Posted on 4/2/16 at 5:16 pm to
Posted by Cs
Member since Aug 2008
10552 posts
Posted on 4/2/16 at 5:16 pm to
quote:

Yep. AI diagnosis is a discussion people have ignored for far too long.


Physicians are being targeted from numerous positions - mid-levels that want increasing autonomy and will accept less money; heuristic AI systems that can diagnose far more quickly and efficiently than a physician, and can access 100% of all medical knowledge at all times, and can seamlessly implement new data into novel medical contexts; and the inevitably of a single payer system, which will mean that physicians will subsist monetarily on medicaid and medicare payments.
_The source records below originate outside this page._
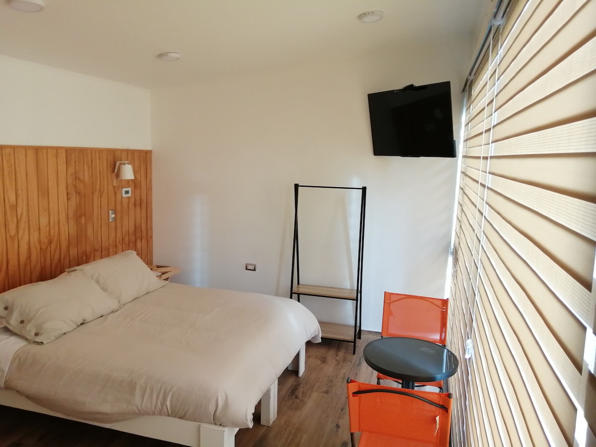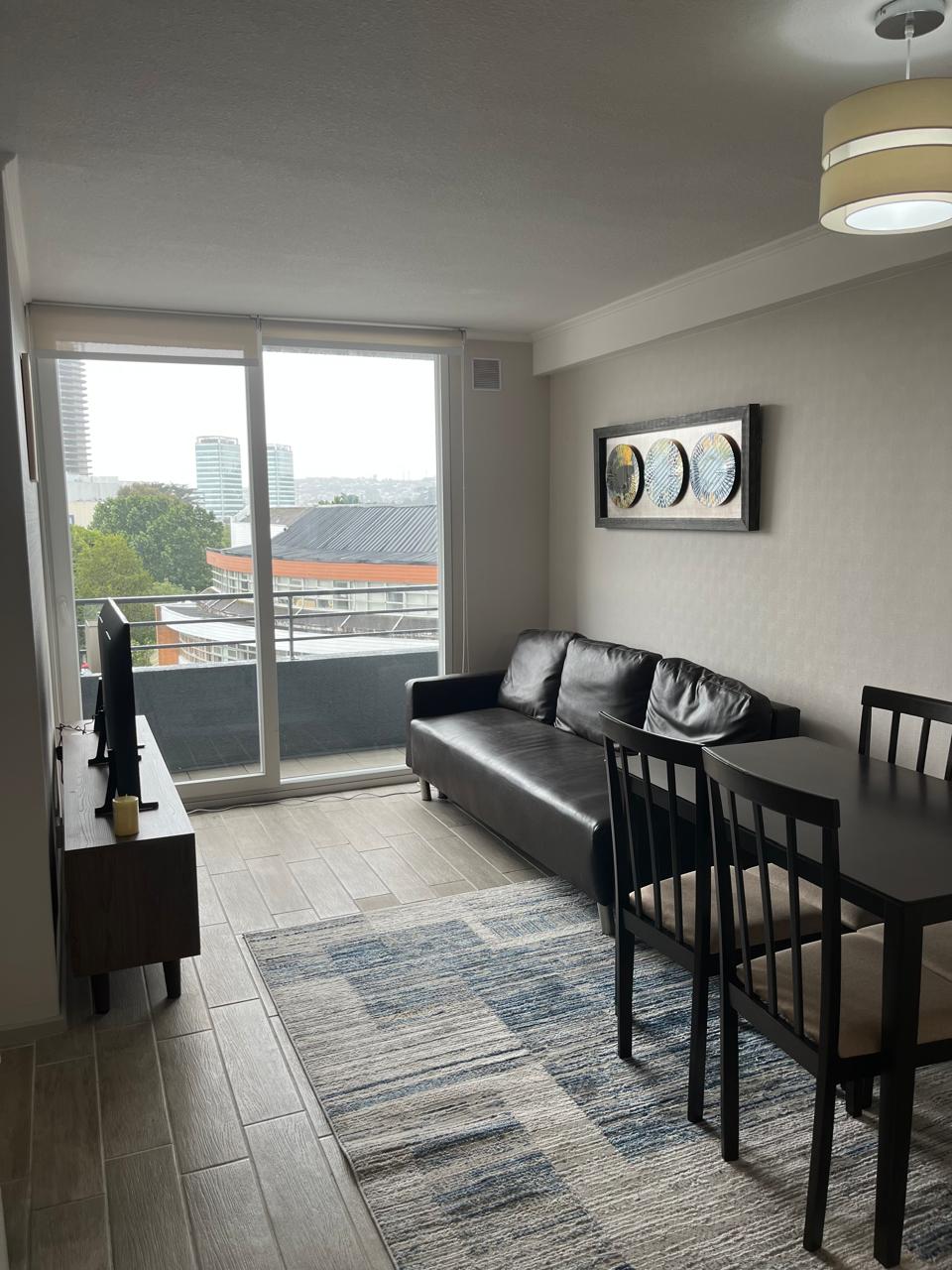 Un espacio pensado para sentirse comodo desde el primer día perfecto para difrutar de la ciudad, alojamiento céntrico, ubicación privilegiada cerca de los principales servicios, comercio, bomba de bencina, centros comerciales, restaurantes y supermecados, el departamento cuenta con cocina y equipamiento, incluyendo microondas y horno, tambien se incluye tv y wi-fi, ademas cuenta con balcón con vista a la ciudad, areas comunes, estacionamiento privado y servicio de porteria.
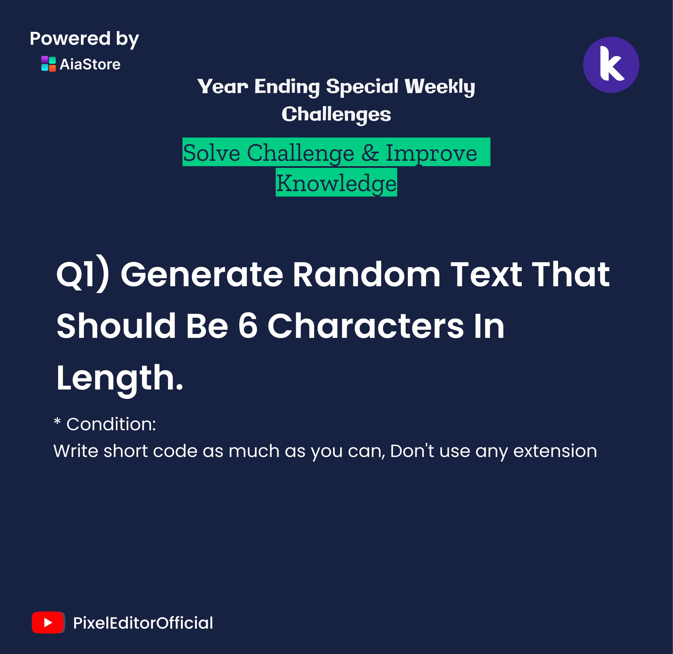 Q1) Generate Random Text That Should Be 6 Characters In Length.
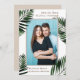Denna klassiska tropiska handflatan lämnar bröllop spara datum har en neutralt sandbeige baksida av kortet.
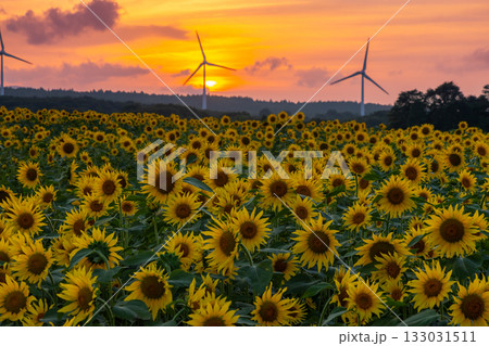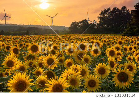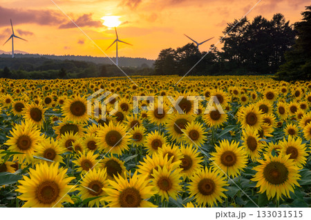 福島県郡山市湖南町赤津 郡山布引風の高原の風力発電の風車の下に広がる満開のひまわり畑と夕陽と夕焼け空
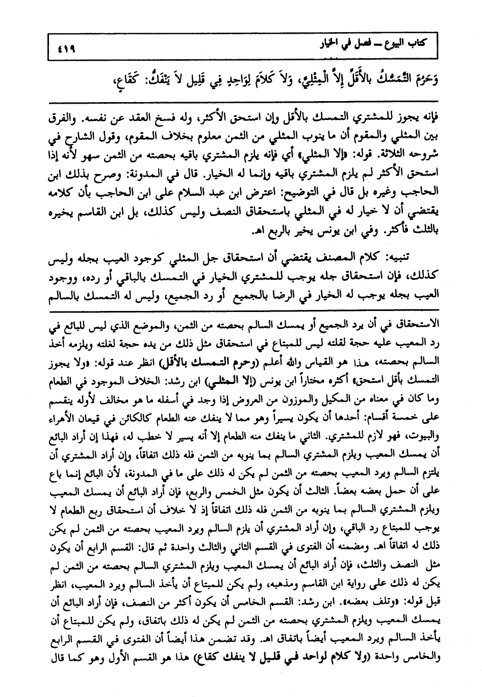 وحرم التمسك بالأقل إلا المثلي, ولا كلام لواحد في قليل لا ينفك: كقاع,

The salaries will take an irrevocable nosedive in the near future before the position is ultimately diluted into more of a passive overseer of the clinic.
Posted by MrSpock
Member since Sep 2015
4529 posts
Posted on 4/2/16 at 5:21 pm to
quote:

Physicians are being targeted from numerous positions - mid-levels that want increasing autonomy and will accept less money; heuristic AI systems that can diagnose far more quickly and efficiently than a physician, and can access 100% of all medical knowledge at all times, and can seamlessly implement new data into novel medical contexts; and the inevitably of a single payer system, which will mean that physicians will subsist monetarily on medicaid and medicare payments.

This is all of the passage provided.